◆ **What is required**
Reproduce all of the data exactly. Images are not to appear in the reply.

◆ **Given information**
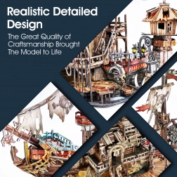 Descoperă farmecul golfului piraților și creează acasă o decorațiune impresionantă cu puzzle-ul 3D Portul piraților Tortuga. Modelul cu dimensiuni de aproximativ 48 × 27 × 38 cm oferă detalii realiste care aduc la viață lumea piraților. Asamblarea se face fără lipici și foarfecă – piesele predecupate se desprind ușor din coală și se îmbină conform instrucțiunilor.
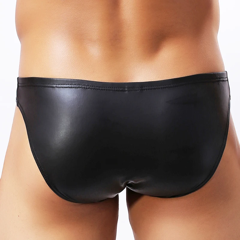 Мужские трусы брифы из искусственной кожи, с низкой талией, с мешочком, сексуальное нижнее белье, гей-трусы
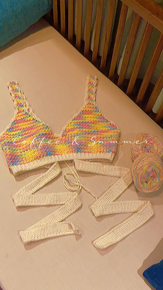 Trả lời: Với thành phẩm là áo bikini hoặc croptop chập sợi thì cần khoảng 3-4 cuộn ctvn loang

◆ **Task solution**
 Descoperă farmecul golfului piraților și creează acasă o decorațiune impresionantă cu puzzle-ul 3D Portul piraților Tortuga. Modelul cu dimensiuni de aproximativ 48 × 27 × 38 cm oferă detalii realiste care aduc la viață lumea piraților. Asamblarea se face fără lipici și foarfecă – piesele predecupate se desprind ușor din coală și se îmbină conform instrucțiunilor.
 Мужские трусы брифы из искусственной кожи, с низкой талией, с мешочком, сексуальное нижнее белье, гей-трусы
 Trả lời: Với thành phẩm là áo bikini hoặc croptop chập sợi thì cần khoảng 3-4 cuộn ctvn loang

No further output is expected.